# Average wage in Ireland



## suziesu

Hi

Just wondering what the average wage in Ireland today is? With the rising house prices etc. it is surprising anyone can afford anything, so I was wondering what the average wage is?

Thanks!


----------



## gnashers

Have you tried checking the CSO [broken link removed] they have a range of earnings figures.

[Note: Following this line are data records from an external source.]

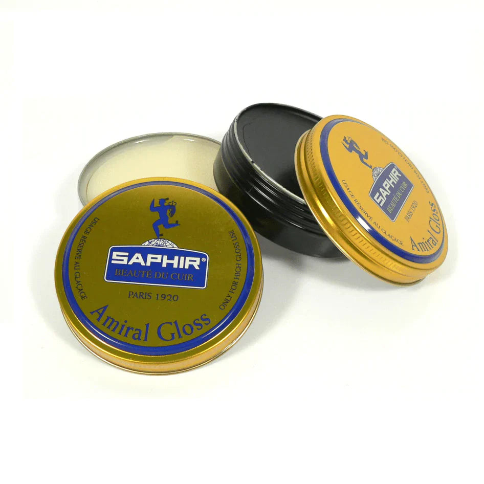 Amiral Gloss es un producto avanzado destinado a obtener un glaseado más rápido y fácil que con el simple uso de Pasta de lujo Saphir. Es posible obtener un brillo espejo con pastas regulares de Saphir, pero requiere un poco técnica más controlada para hacer el glaseado que el uso de Amiral Gloss formulado especialmente para este fin.
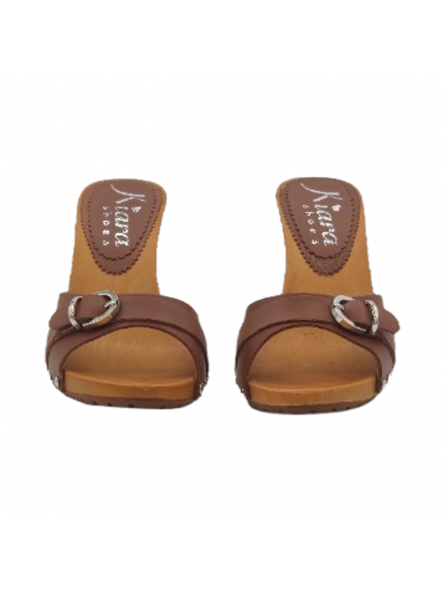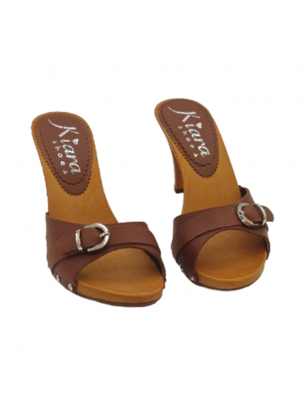 BEQUEME BRAUNE CLOGS MIT SILBERNER SCHNALLE
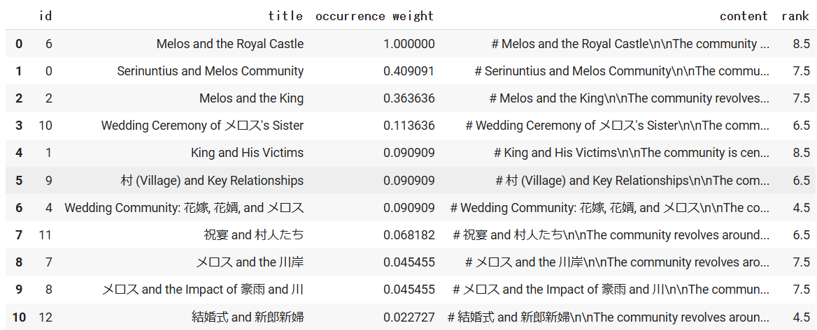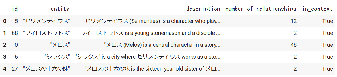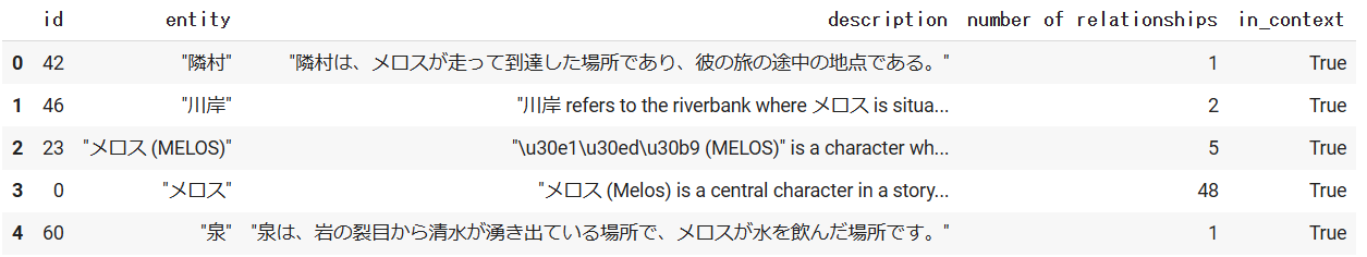 どちらの手法においても「メロスとセリヌンティウスが友人関係である」のような二人の関係性について説明できており、Langchain+Neo4jの方法に比べて詳細に述べられていることがわかります。Langchain+Neo4jではCypherクエリが単一であり一つのエンティティの組のみが参照されているのに対して、MicrosoftのGraphRAGでは様々なEntityやRelationshipが参照されています。

They seem to be classified by sector though, I'm not sure if they do an overall average for Ireland


----------



## suziesu

ok I'll take a look, thanks!


----------



## Protocol

There is no such statistic in Ireland.

Just average earnings in certain sectors.


----------



## Diziet

My OH managed to dig the figure out - 32K is average wage - average household income is 38K. You are right, the CSO has the wages by sector.

Diziet


----------



## paddyd

Diziet said:


> My OH managed to dig the figure out - 32K is average wage - average household income is 38K.


 
That sounds like the average INDUSTRIAL wage.

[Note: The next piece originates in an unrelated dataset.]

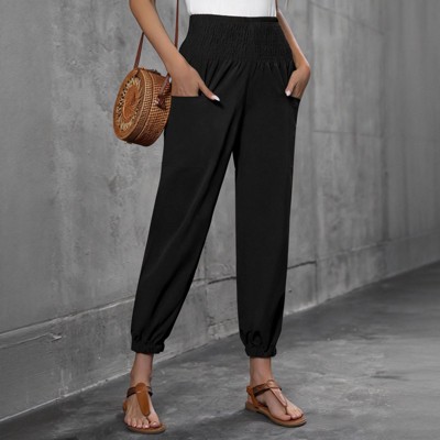 Women's High Waisted Joggers Pants Smocked Elastic Waist with Pockets Casual Pants
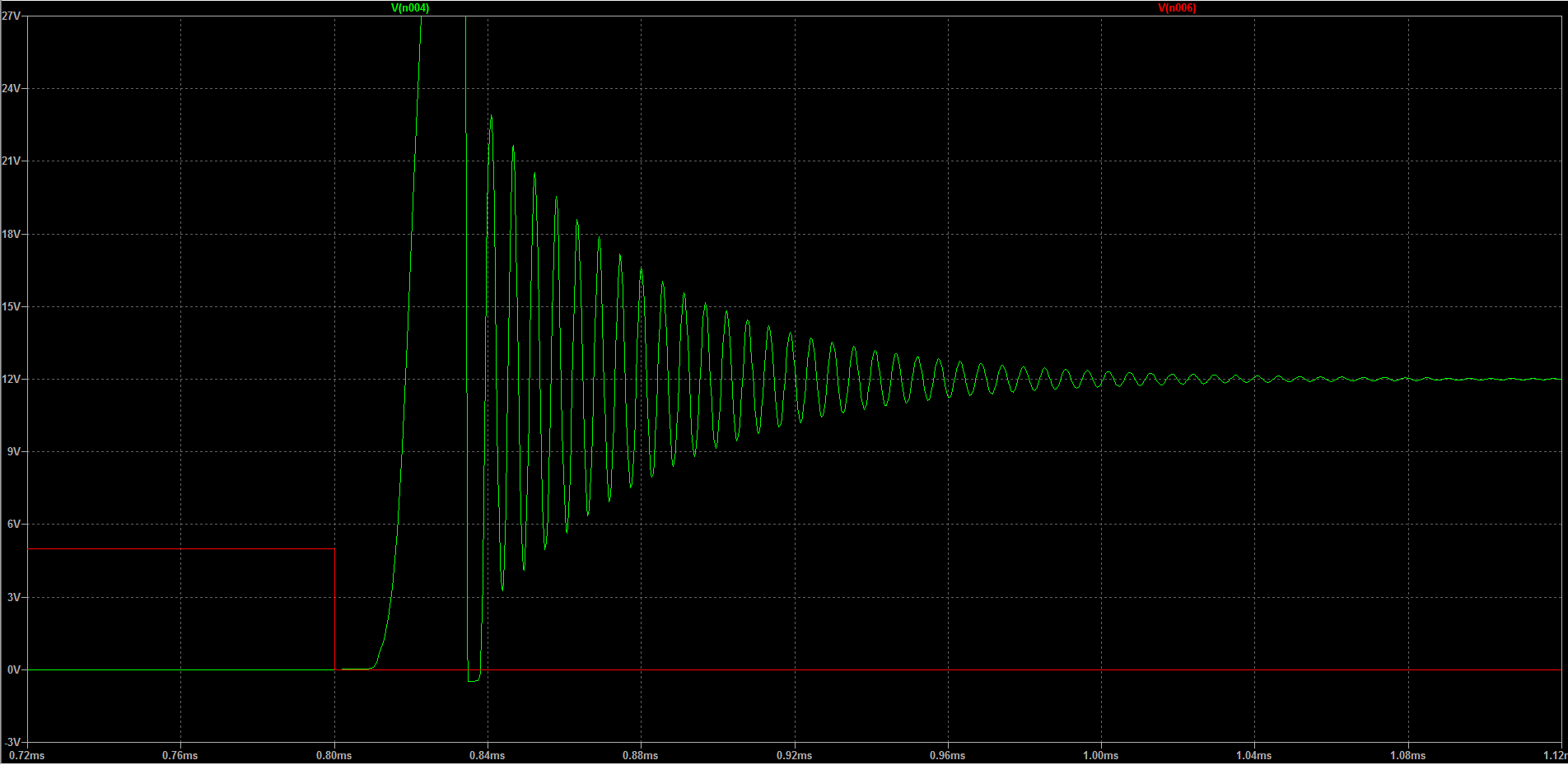 Poi abbiamo una oscillazione spontanea che si smorza da sola nel tempo, ma che inizia con un picco da 23-24V, sempre più debole, fino a riassorbirsi.

For example, in the Public Sector the average Garda earns about €50-55k after Overtime, and retire at 55 (i think).

In general, the average Civil servants earn more that the average industrial wage, and have better job security. The down-side is that you could be doing the same job for 30 years, on basically the same pay.

e.g. A teacher with 25 years experience might be earning 55-60k (unconfirmed); there is rarely any change, and its only in small increments. The advantage is that the salaries starting point is quite high, and you can NEVER be fired; even if you are the single worst teacher on gods green earth )

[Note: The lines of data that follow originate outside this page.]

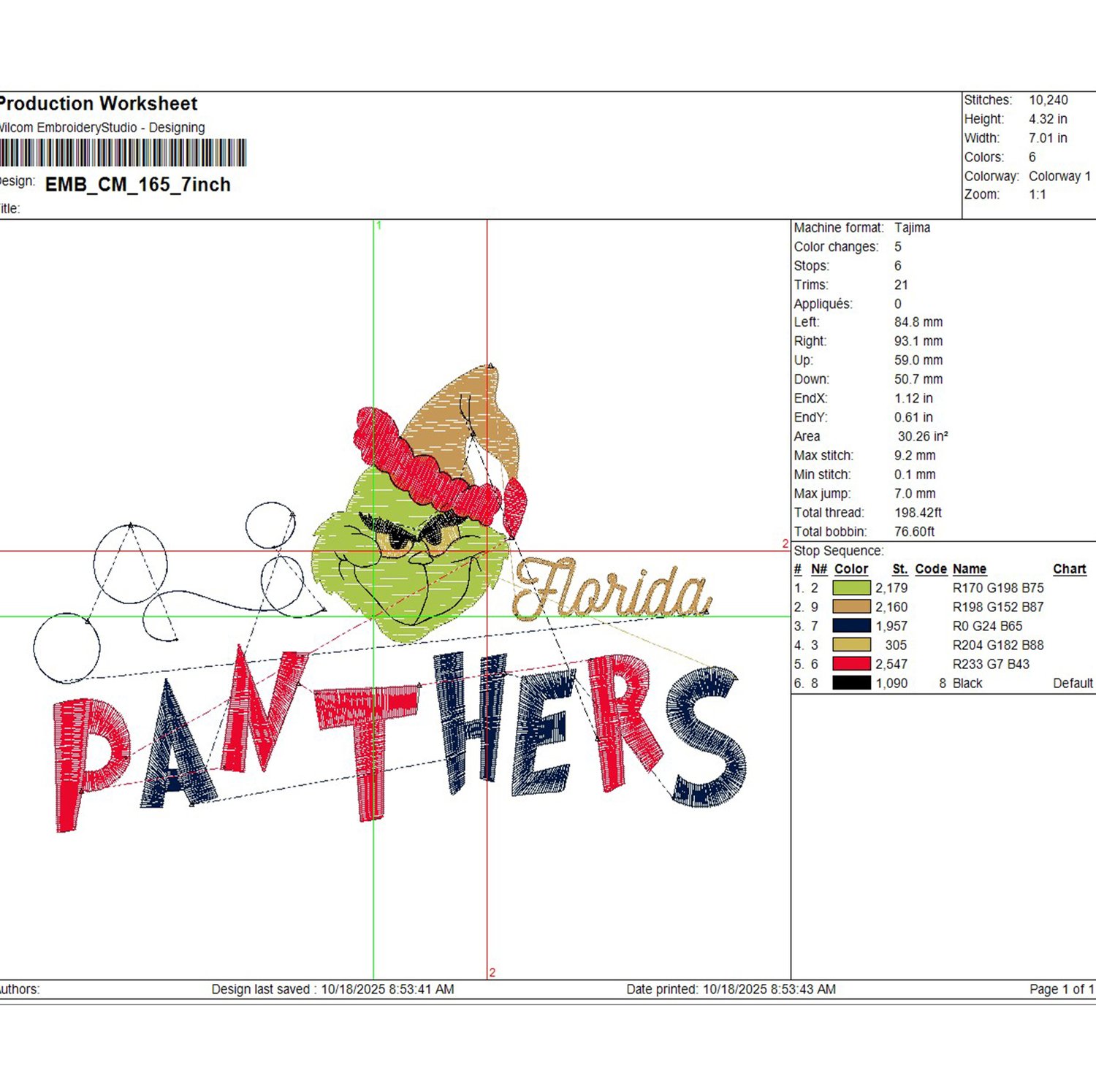 Christmas Grinch x Florida Panthers NHL Team Embroidery Designs, Grinch Embroidery Files, NHL Panthers Hockey Team Logo Embroidery, Merry Christmas Machine Embroidery Design, Digital Download
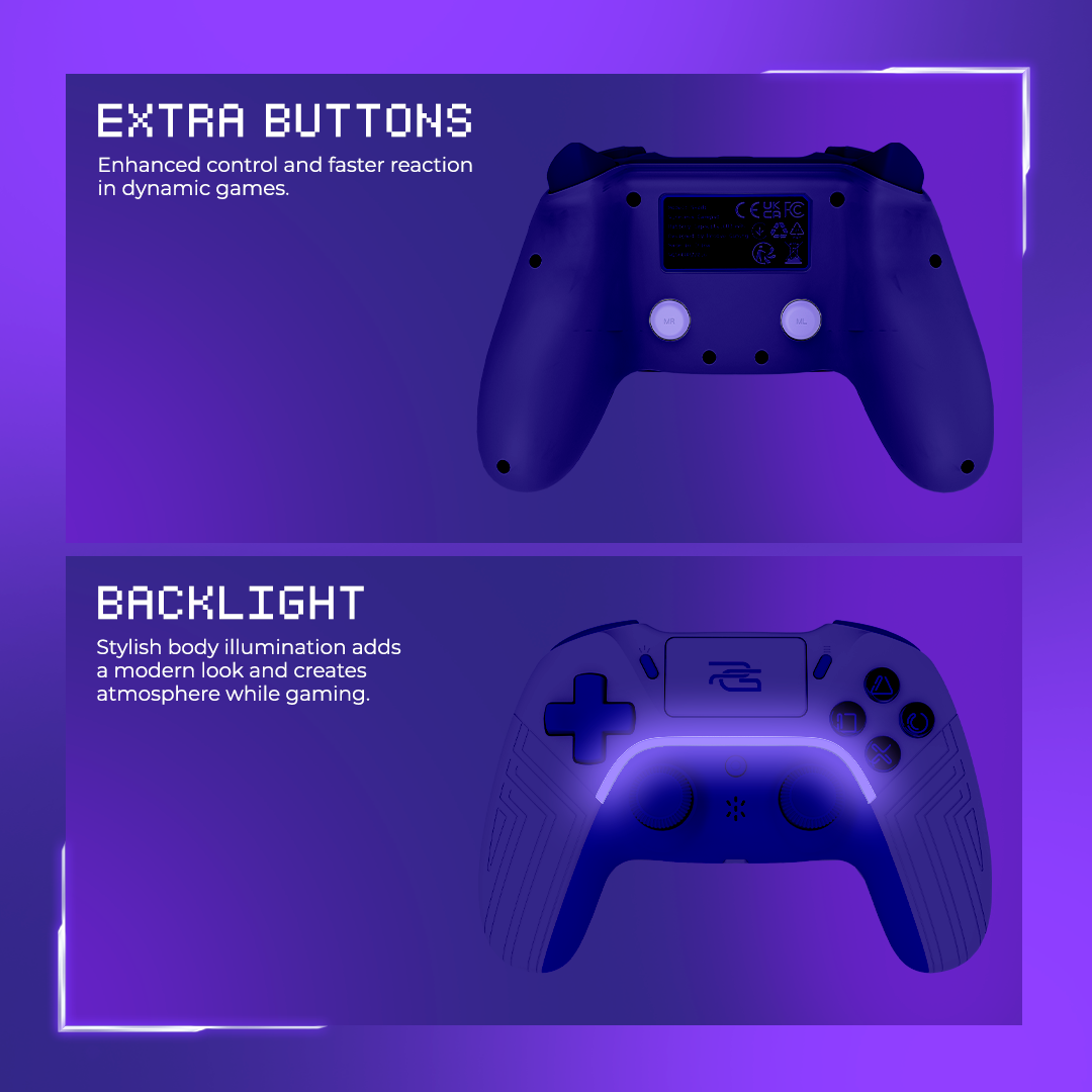 The gaming gamepad has an ergonomic shape that provides comfort during long gaming sessions. The buttons are well placed and the joysticks have a textured surface for precise control. The design combines a stylish look with modern lighting elements.
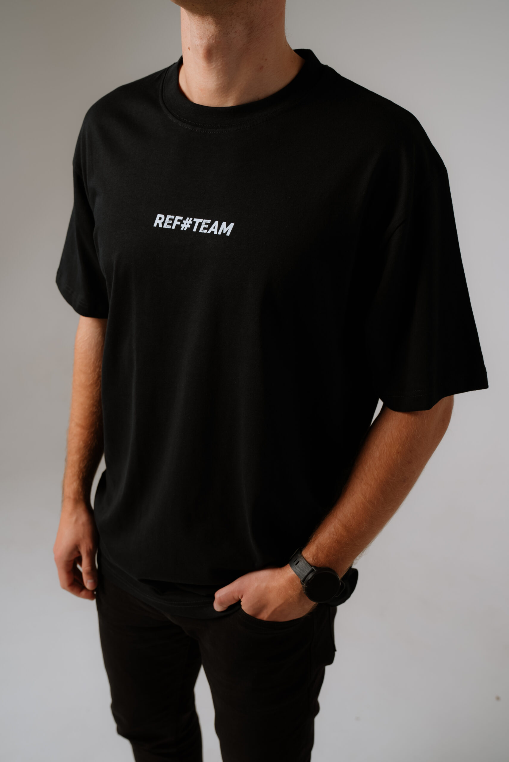 Czarna koszulka typu Oversize z małym nadrukiem REF#TEAM. Wysokiej jakości bawełna, podwójne przeszycia na rękawach, szyi oraz u dołu.

In the private sector (non-industrial), you could earn the 60k after a few years (maybe 5 years), and keep moving upwards from there; but with less job security.


----------



## triplex

re civil servants: would anyone like to be on exact same salary for their working life? lots of civil servants are - the problem is when you're a lowgrade civil servant....no wonder inertia and demotivation set in...

and civil servants can now be fired - the legislation has changed...haven't heard of any cases under that legislation tho...


----------